# EXERCISE DESCRIPTION:
Exactly reproduce the lines from the one containing "показывают что  снег" through the last line of the data, both ends included, leaving out pictures.

# DATA EXCERPT:

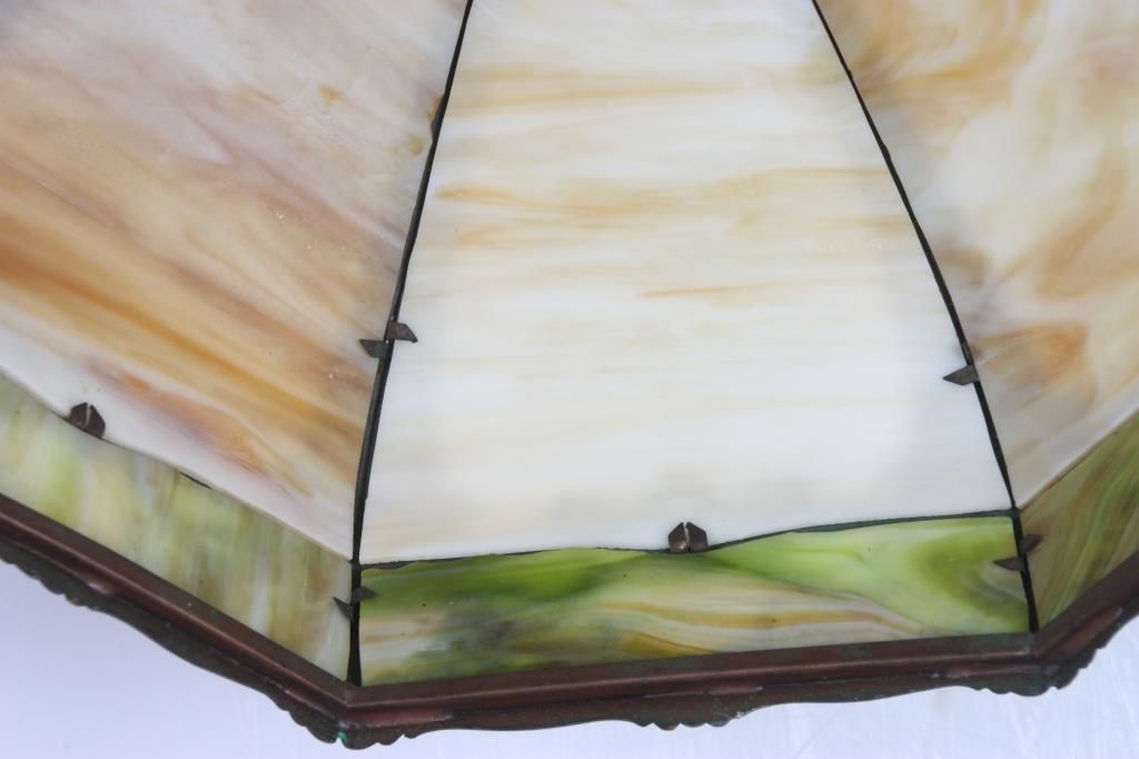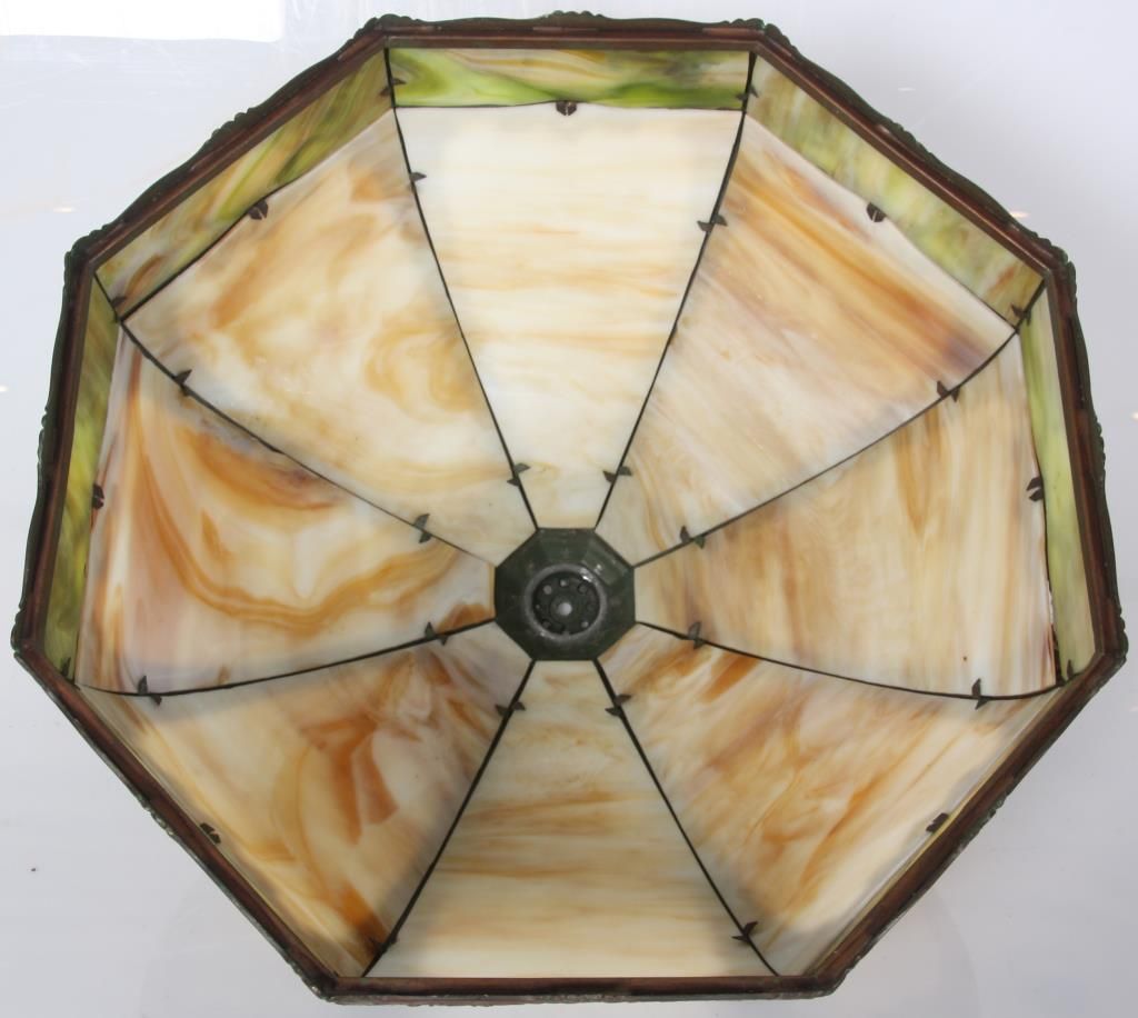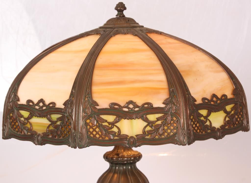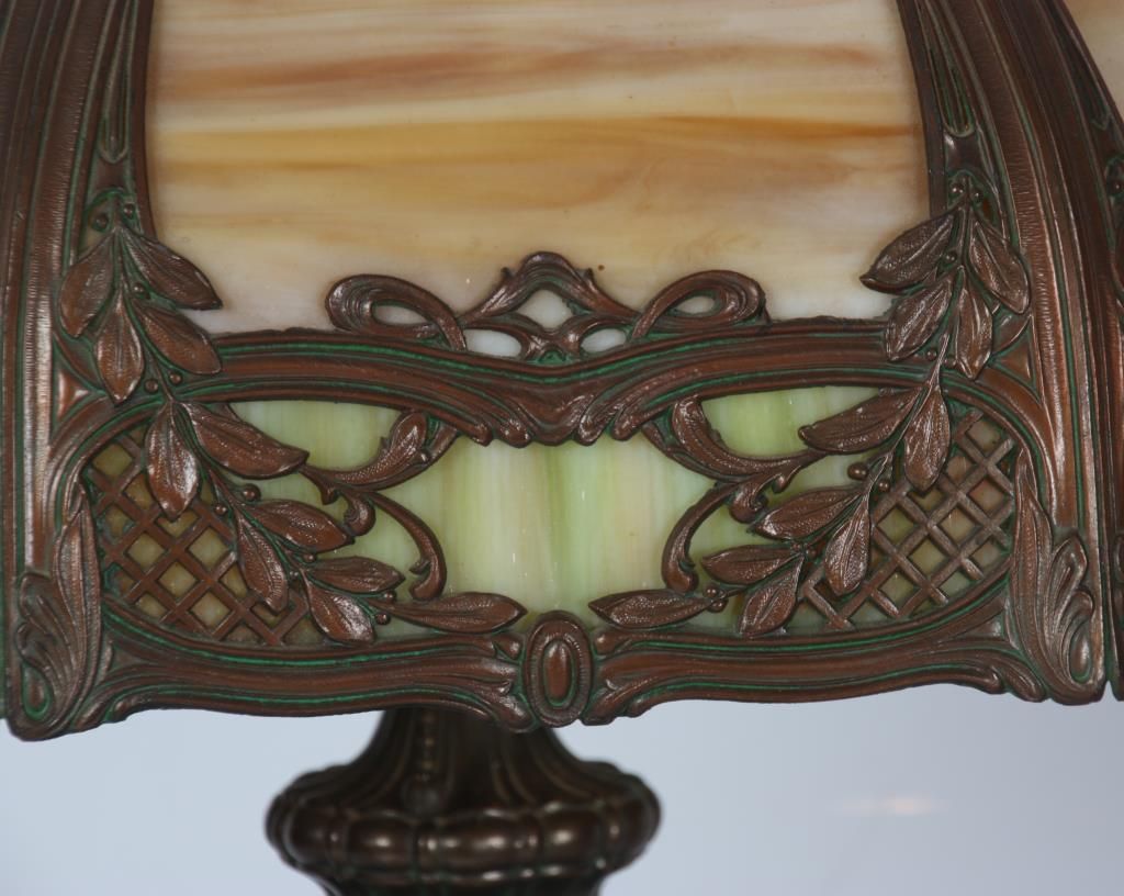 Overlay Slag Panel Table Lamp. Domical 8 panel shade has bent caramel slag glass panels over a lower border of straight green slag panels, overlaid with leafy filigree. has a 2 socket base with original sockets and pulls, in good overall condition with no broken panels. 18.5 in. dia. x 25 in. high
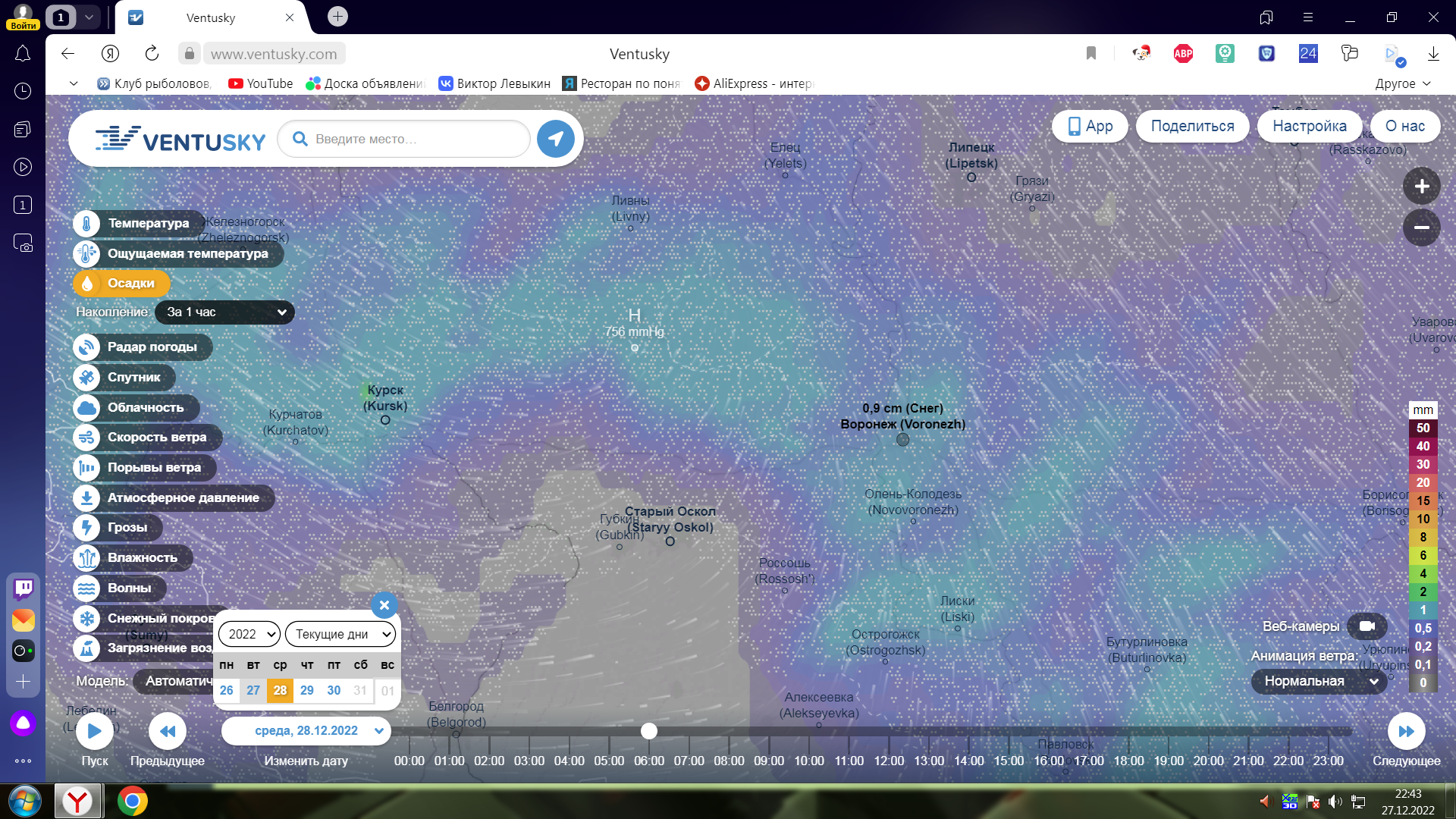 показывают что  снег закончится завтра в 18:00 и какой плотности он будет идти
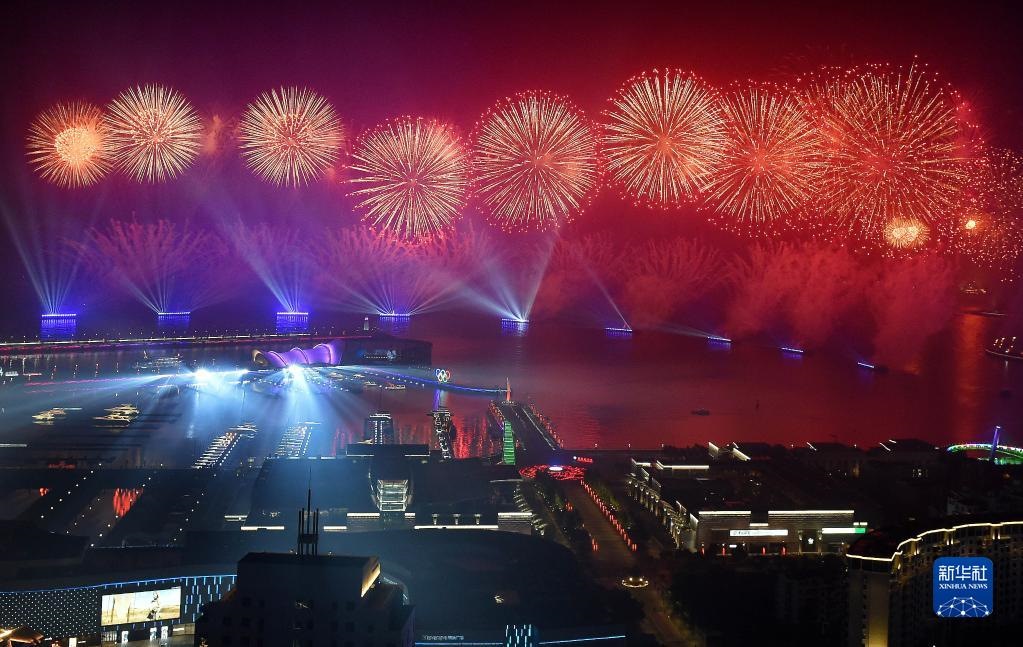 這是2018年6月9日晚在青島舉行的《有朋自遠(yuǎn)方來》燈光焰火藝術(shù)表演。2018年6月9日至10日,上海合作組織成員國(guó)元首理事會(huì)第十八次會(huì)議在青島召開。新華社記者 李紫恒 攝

# EXPECTED ANSWER:
 показывают что  снег закончится завтра в 18:00 и какой плотности он будет идти
 這是2018年6月9日晚在青島舉行的《有朋自遠(yuǎn)方來》燈光焰火藝術(shù)表演。2018年6月9日至10日,上海合作組織成員國(guó)元首理事會(huì)第十八次會(huì)議在青島召開。新華社記者 李紫恒 攝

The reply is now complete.